Tool/Standard Description
OpenTelemetry A vendor-neutral framework for collecting and exporting telemetry data, allowing teams to choose their preferred backend for analysis and visualisation. It supports various programming languages and platforms, making it a versatile choice for API observability.
Grafana A powerful open-source analytics and monitoring platform that integrates with various data sources, including Prometheus. It provides rich visualisations and dashboards for real-time monitoring and analysis of API performance metrics.
Grafana Loki A log aggregation system designed to work seamlessly with Grafana. It allows for the collection, storage, and querying of logs, making it easier to correlate logs with metrics and traces for comprehensive observability.

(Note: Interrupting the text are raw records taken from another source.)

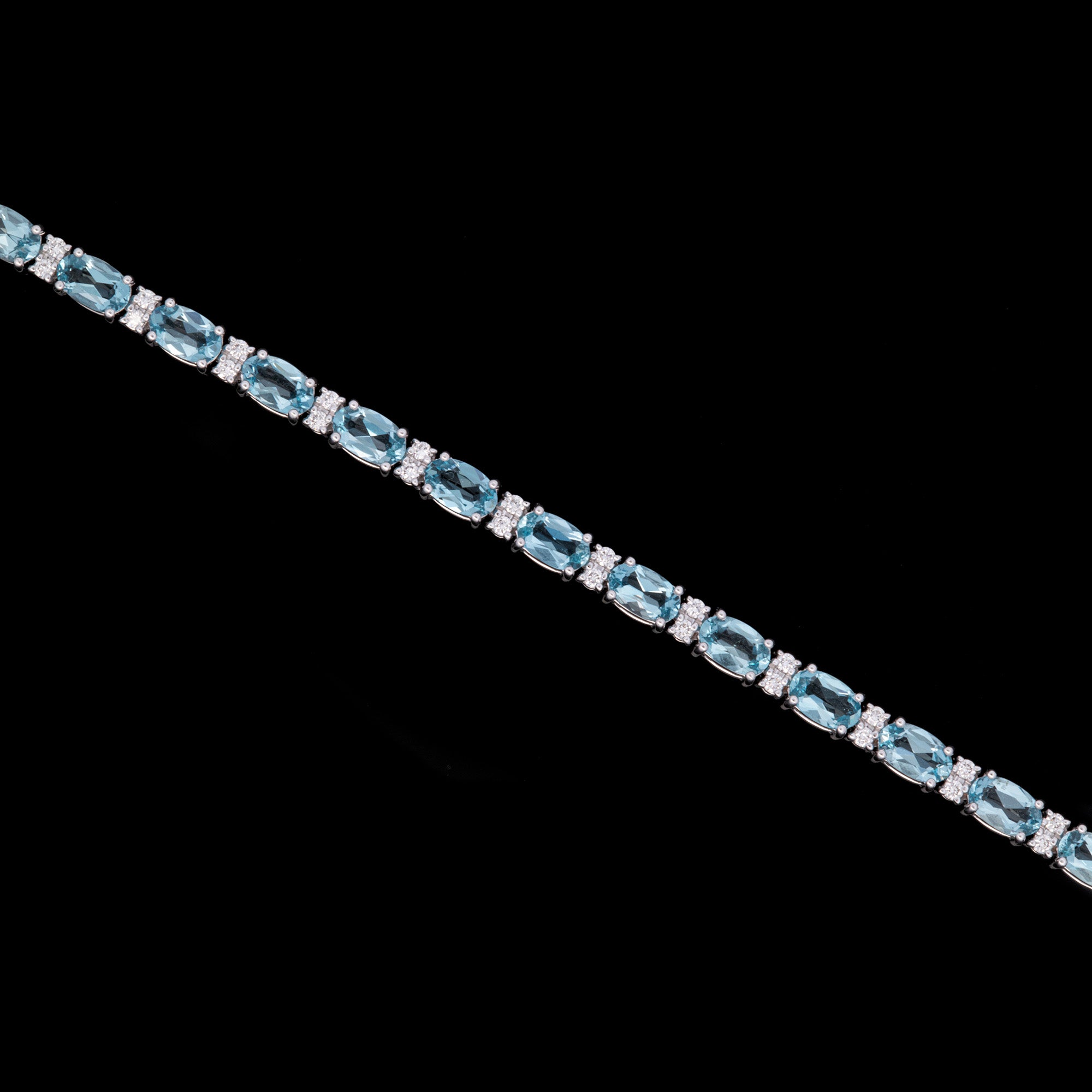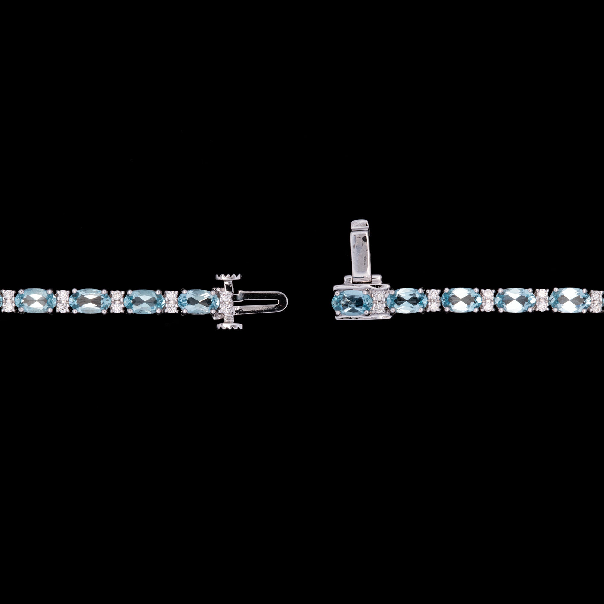 18K White Gold Oval Aquamarine And Diamond Bracelet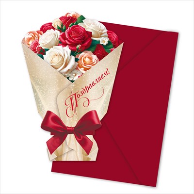 Открытка-букет «Поздравляем!» с художественным конвертом 1216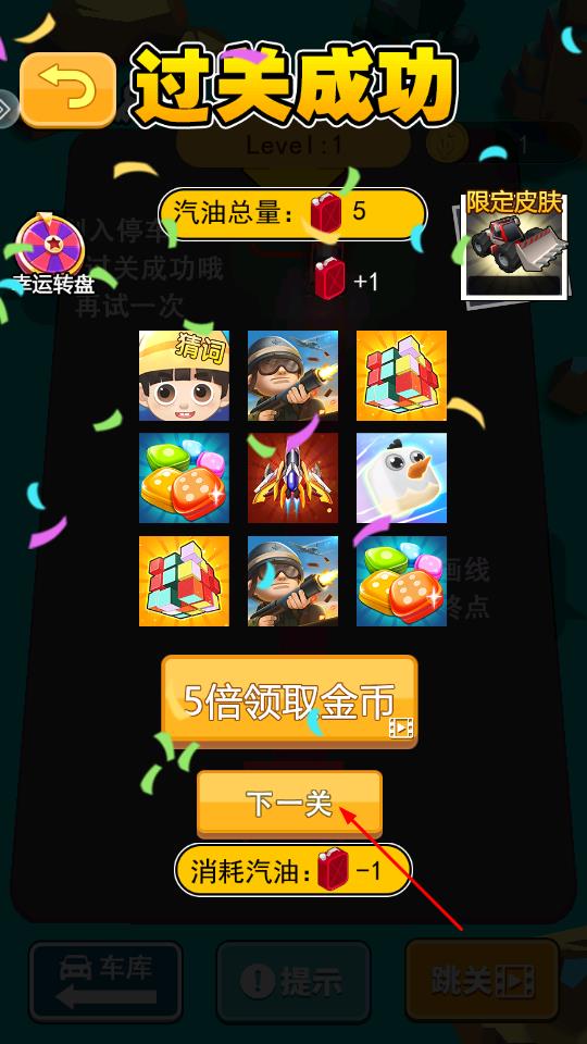 3、过关成功后,可选择5倍领取金币或直接点下一关,持续消耗汽油能够去推进游戏进程。

Prometheus An open-source monitoring and alerting toolkit designed for reliability and scalability, particularly suited for dynamic cloud environments. It collects metrics from configured targets at specified intervals, evaluates rule expressions, and can trigger alerts based on those evaluations.
ELK Stack (Elasticsearch, Logstash, Kibana) A popular open-source stack for log management and analysis. Elasticsearch stores and indexes logs, Logstash processes and ingests logs from various sources, and Kibana provides a web interface for visualising and exploring log data.